What you will do:
Would you return the data exactly as given, except for its pictures?

Excerpts from a dataset:
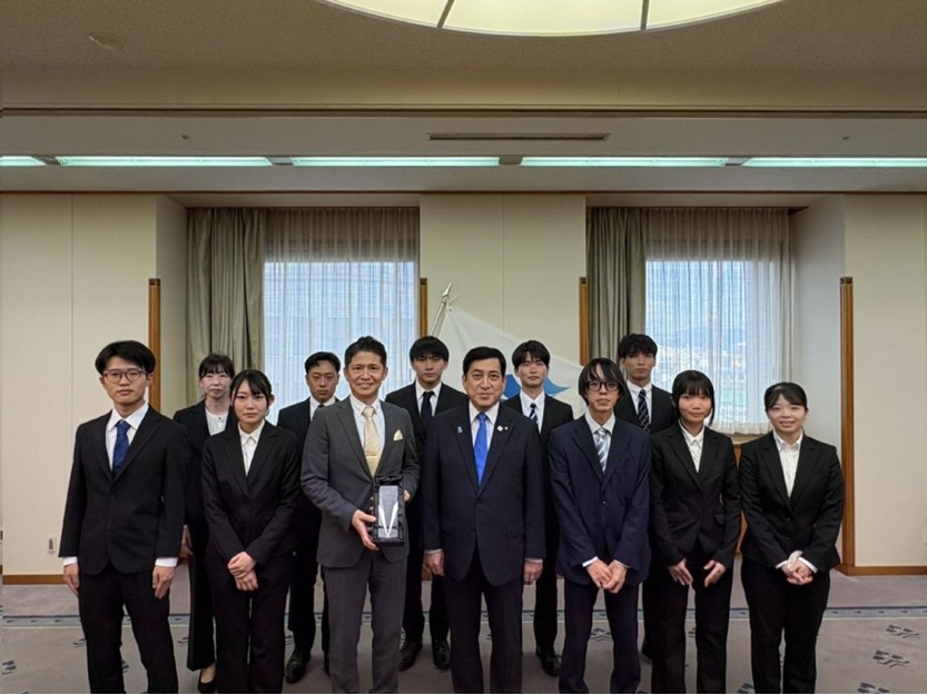 所属メンバーが鹿児島県知事を表敬訪問し、本研究室でのアントレプレナーシップ教育の実施状況とその成果を報告しました。
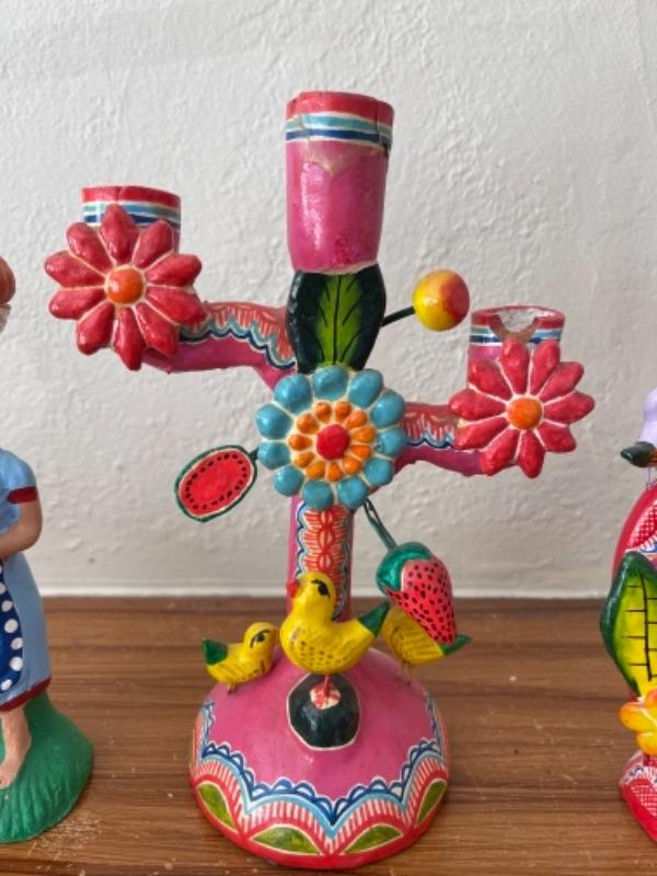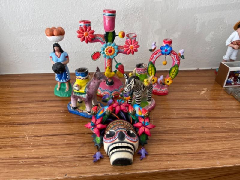 Lot 14LD. Lot of Oaxacan clay candleholders and wall decor (some as is)--$65
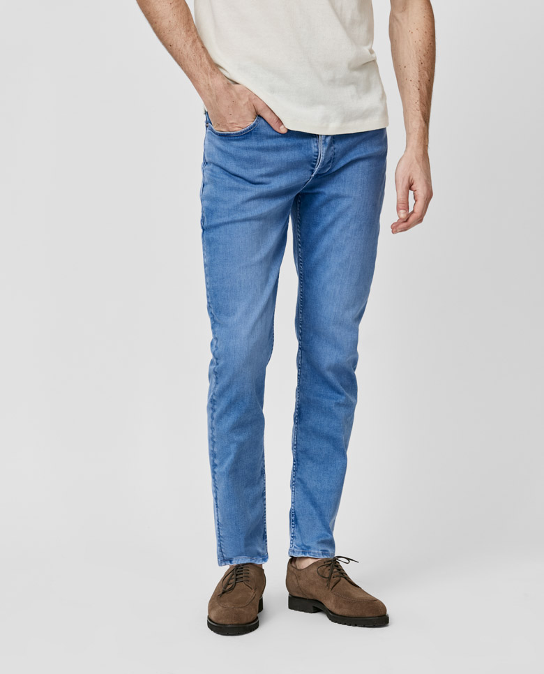 Our most comfortable denim option, these 9oz. vintage blue jeans are super lightweight with superior stretch. Made from a soft cotton blend twill by Candiani that is woven, dyed, and washed in Italy. Designed here with a faded wash. Make these jeans your own with our many customization options to choose from. Super stretch denim Lightweight
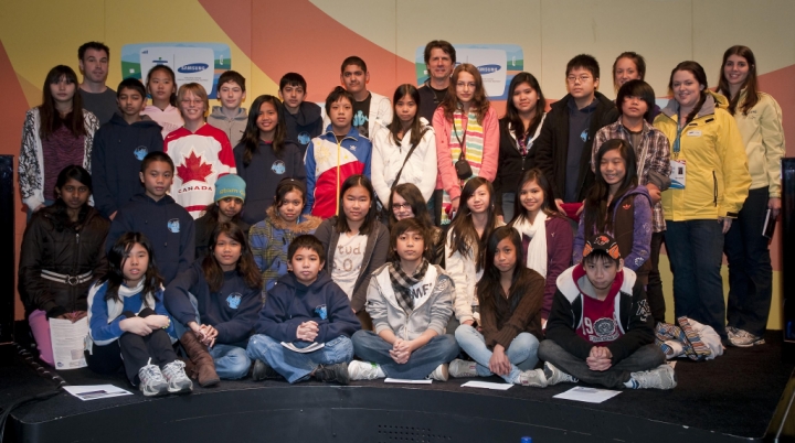 Students from Mackenzie Elementary take in an Eco-Class Day and learn the lessons of climate change at the Olympic Rendezvous @ Samsung and finish with a class photo with James Balog (centre back), guest teacher and Samsung Eco-Ambassador for the Vancouver 2010 Olympic Winter Games. The Eco-Class also drew attention from Canadian Samsung Mobile Explorers (right back) who will share their pavilion experience online with their families and friends back home in Atlantic Canada and around the world.
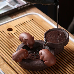 宇轩紫砂茶宠摆小猪喝水手工可爱迷你招财件茶桌茶玩手工精品可养 赐福猪三只款时来运转
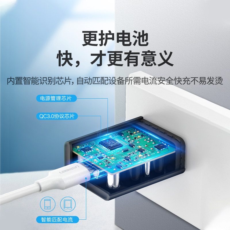 绿联5v3a充电器18W快充头USB适用小米红米oppo三星vivo安卓手机耳机数据线typec套装5v1a/5v2a通用9v2a充电头
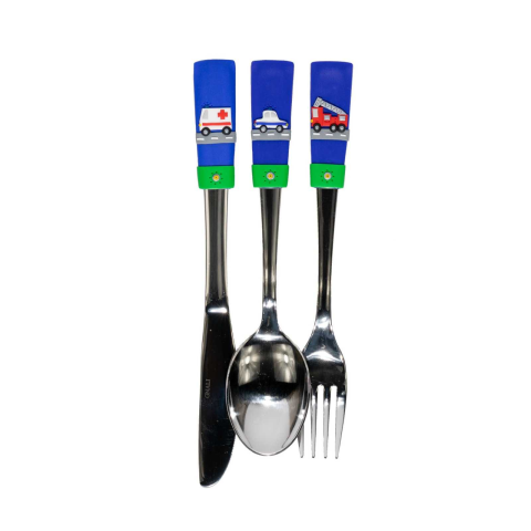 Szirénázó autós evőeszköz szettRendőr, tűzoltó, mentő kék alapon. A termékek alapanyaga kiváló minőségű (olasz Gnali márkájú) rozsdamentes acél evőeszköz és polymer clay, hőre keményedő lágyított műanyag díszítés.Meleg ételt italt lehet vele enni, keverni, de a 100 fokos forróvízben megpuhul a gyurma. Meleg helyen hagyhatjuk, de a forró vízben ne!Ha leesik az evőeszköz (kőre, a sarkával), eltörhet a műanyag díszítés. Nem kell rögtön kétségbe
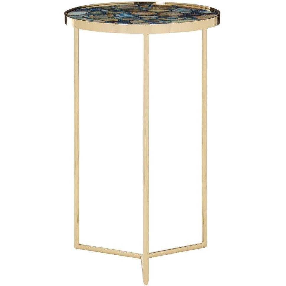 This side table's top is crafted from semi-precious blue agate stone featuring a banded pattern with asymmetric natural trim. The exquisite top rests in the gold finish sculptural frame that contributes to modern minimalism.
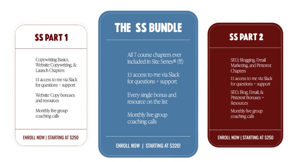 She also just re-released her famous copywriting/SEO/E-mail Marketing/Pinterest/Blogging (yes.. all that…) course called THE SITE SERIES and it’s on sale only until Nov. 21st. and includes a 1:1 call with her if purchased during the sale!
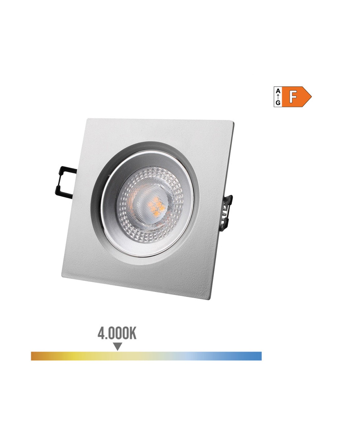 Downlight led empotrable cuadrado 5w 4000k luz dia. color cromo. clase energetica f. 380lm ip20. angulo apertura: 120° medidas: exterior: 9x9cm - enclavamiento: ø7cm. 220-240v. 25000h edm
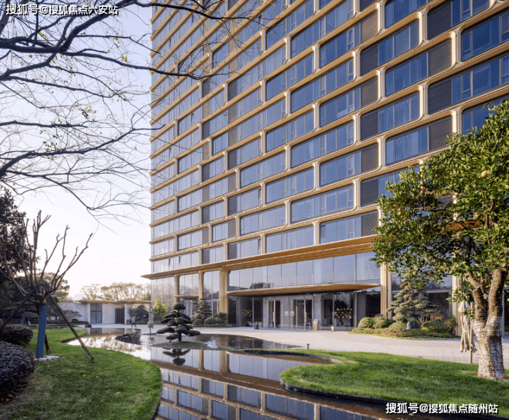 外立面以金色铝板曲面线条呼应钱塘潮涌,搭配三层中空LOW-E玻璃幕墙
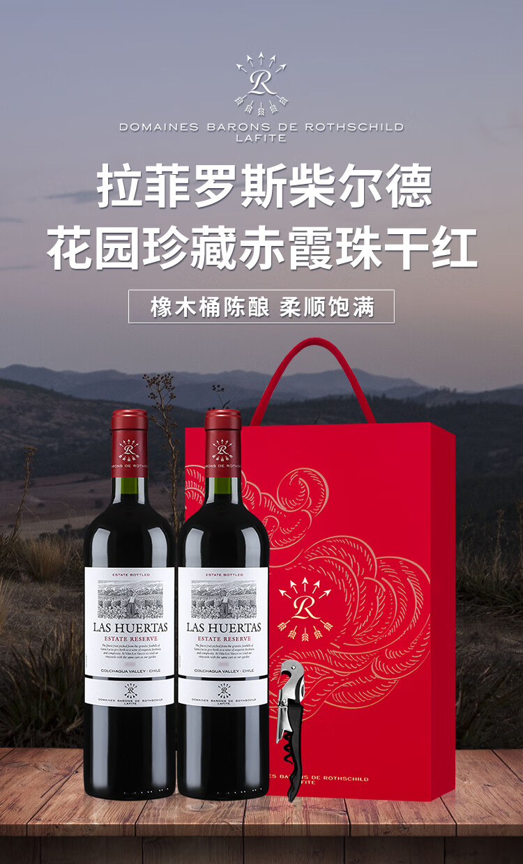 拉菲花园珍藏赤霞珠干红葡萄酒750ml*2支年货礼盒装马年送礼 进口红酒
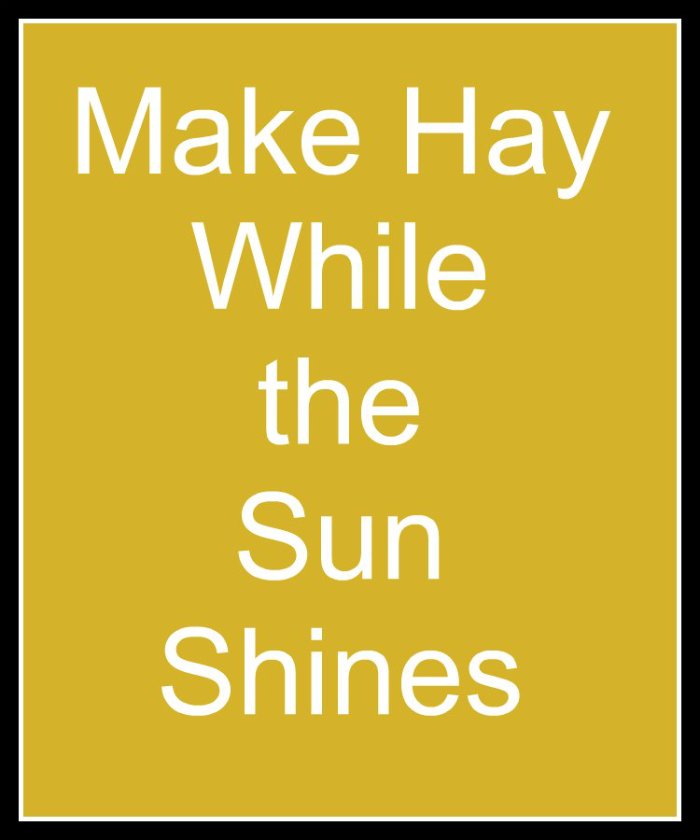The idiom, “Make hay while the sun shines” originated in an agricultural setting and originally it was in the form “when the sun shineth, make hay”.
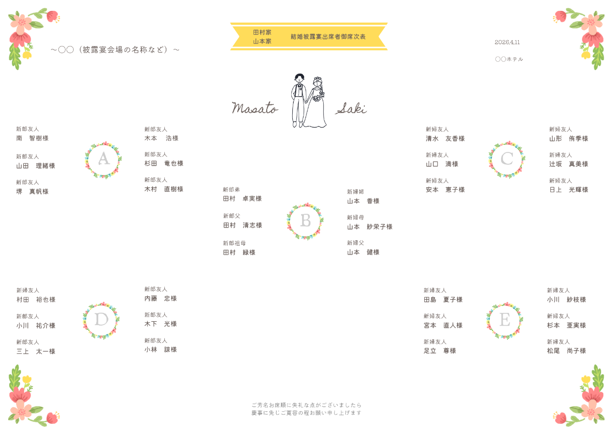 披露宴の席次表をイメージで作成いたしました!(全て架空です。)
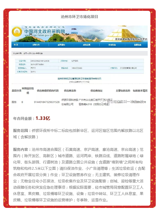 新年伊始,僑銀環(huán)保首戰(zhàn)告捷,憑借先進(jìn)的管理理念、良好的市場信譽、精湛的技術(shù)水平與合理的項目報價,成功中標(biāo)滄州市環(huán)境衛(wèi)生管理局環(huán)衛(wèi)市場化項目(二標(biāo)段),實現(xiàn)新年“開門紅”。
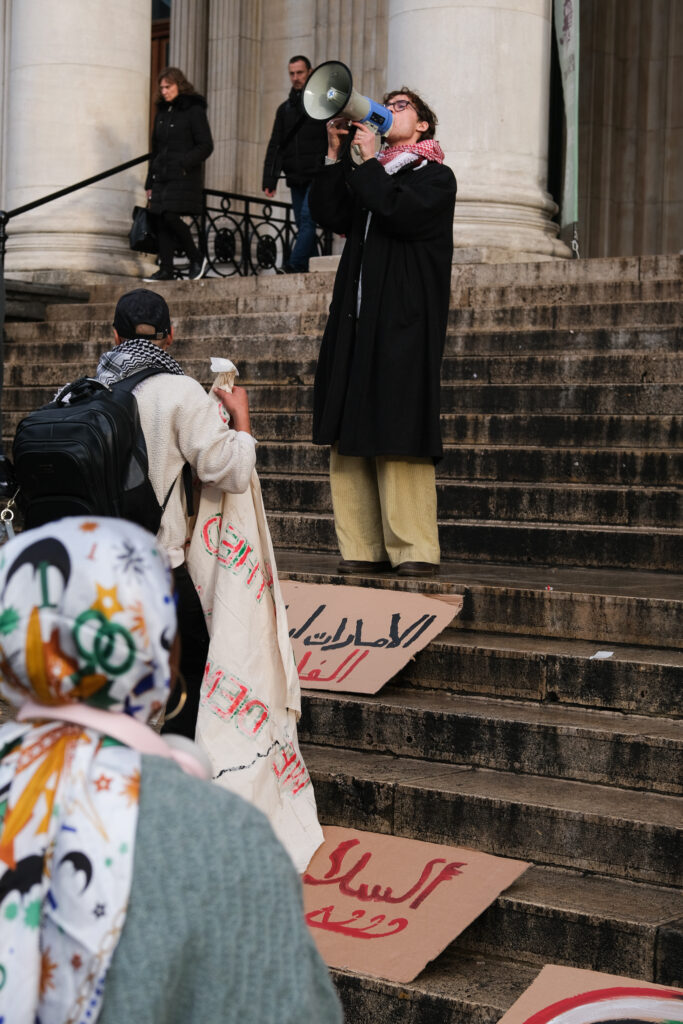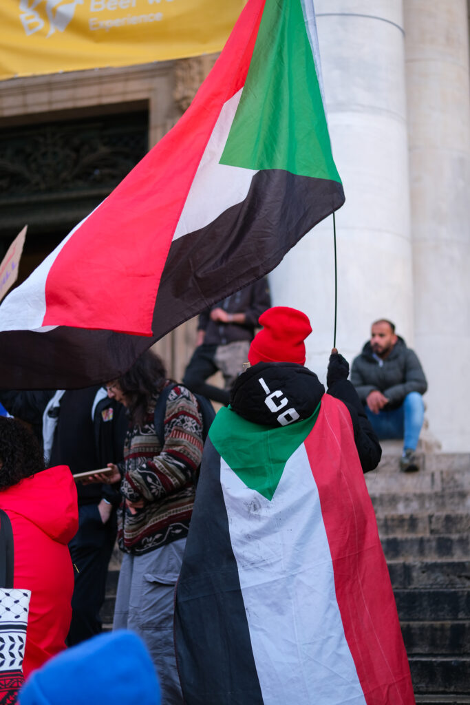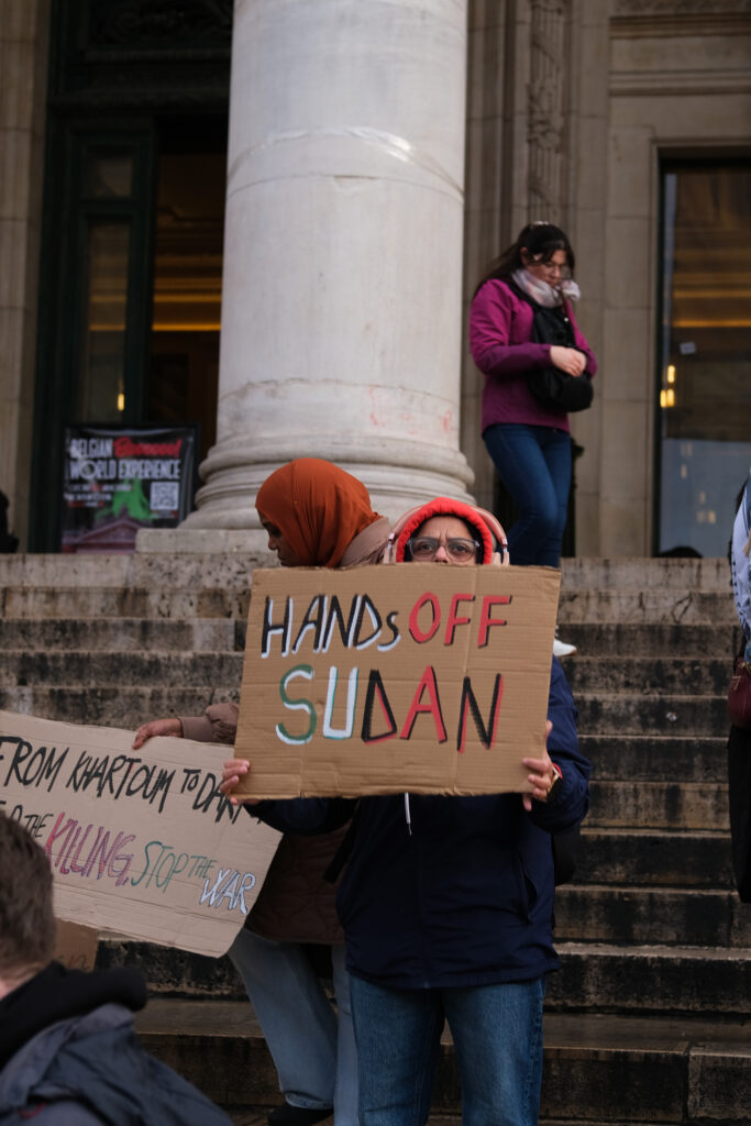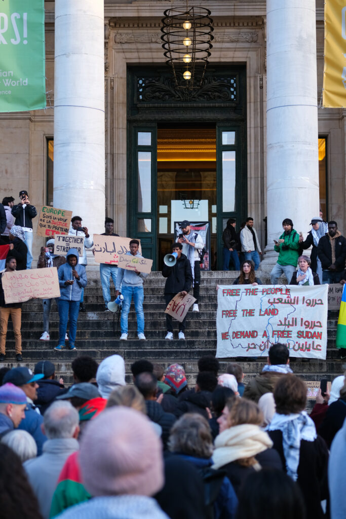 Les manifestant·es Ă la Bourse dĂ©noncent la complicitĂ© de la Belgique et de l’Europe, Ă travers leurs liens avec les Emirats Arabes Unis, principaux soutiens militaires des FSR, ainsi que le business de l’armement et leurs politiques migratoires criminelles.

Solution to the problem:
 所属メンバーが鹿児島県知事を表敬訪問し、本研究室でのアントレプレナーシップ教育の実施状況とその成果を報告しました。
 Lot 14LD. Lot of Oaxacan clay candleholders and wall decor (some as is)--$65
 Our most comfortable denim option, these 9oz. vintage blue jeans are super lightweight with superior stretch. Made from a soft cotton blend twill by Candiani that is woven, dyed, and washed in Italy. Designed here with a faded wash. Make these jeans your own with our many customization options to choose from. Super stretch denim Lightweight
 Students from Mackenzie Elementary take in an Eco-Class Day and learn the lessons of climate change at the Olympic Rendezvous @ Samsung and finish with a class photo with James Balog (centre back), guest teacher and Samsung Eco-Ambassador for the Vancouver 2010 Olympic Winter Games. The Eco-Class also drew attention from Canadian Samsung Mobile Explorers (right back) who will share their pavilion experience online with their families and friends back home in Atlantic Canada and around the world.
 宇轩紫砂茶宠摆小猪喝水手工可爱迷你招财件茶桌茶玩手工精品可养 赐福猪三只款时来运转
 绿联5v3a充电器18W快充头USB适用小米红米oppo三星vivo安卓手机耳机数据线typec套装5v1a/5v2a通用9v2a充电头
 Szirénázó autós evőeszköz szettRendőr, tűzoltó, mentő kék alapon. A termékek alapanyaga kiváló minőségű (olasz Gnali márkájú) rozsdamentes acél evőeszköz és polymer clay, hőre keményedő lágyított műanyag díszítés.Meleg ételt italt lehet vele enni, keverni, de a 100 fokos forróvízben megpuhul a gyurma. Meleg helyen hagyhatjuk, de a forró vízben ne!Ha leesik az evőeszköz (kőre, a sarkával), eltörhet a műanyag díszítés. Nem kell rögtön kétségbe
 This side table's top is crafted from semi-precious blue agate stone featuring a banded pattern with asymmetric natural trim. The exquisite top rests in the gold finish sculptural frame that contributes to modern minimalism.
 She also just re-released her famous copywriting/SEO/E-mail Marketing/Pinterest/Blogging (yes.. all that…) course called THE SITE SERIES and it’s on sale only until Nov. 21st. and includes a 1:1 call with her if purchased during the sale!
 Downlight led empotrable cuadrado 5w 4000k luz dia. color cromo. clase energetica f. 380lm ip20. angulo apertura: 120° medidas: exterior: 9x9cm - enclavamiento: ø7cm. 220-240v. 25000h edm
 外立面以金色铝板曲面线条呼应钱塘潮涌,搭配三层中空LOW-E玻璃幕墙
 拉菲花园珍藏赤霞珠干红葡萄酒750ml*2支年货礼盒装马年送礼 进口红酒
The idiom, “Make hay while the sun shines” originated in an agricultural setting and originally it was in the form “when the sun shineth, make hay”.
 披露宴の席次表をイメージで作成いたしました!(全て架空です。)
 新年伊始,僑銀環(huán)保首戰(zhàn)告捷,憑借先進(jìn)的管理理念、良好的市場信譽、精湛的技術(shù)水平與合理的項目報價,成功中標(biāo)滄州市環(huán)境衛(wèi)生管理局環(huán)衛(wèi)市場化項目(二標(biāo)段),實現(xiàn)新年“開門紅”。
 Les manifestant·es Ă la Bourse dĂ©noncent la complicitĂ© de la Belgique et de l’Europe, Ă travers leurs liens avec les Emirats Arabes Unis, principaux soutiens militaires des FSR, ainsi que le business de l’armement et leurs politiques migratoires criminelles.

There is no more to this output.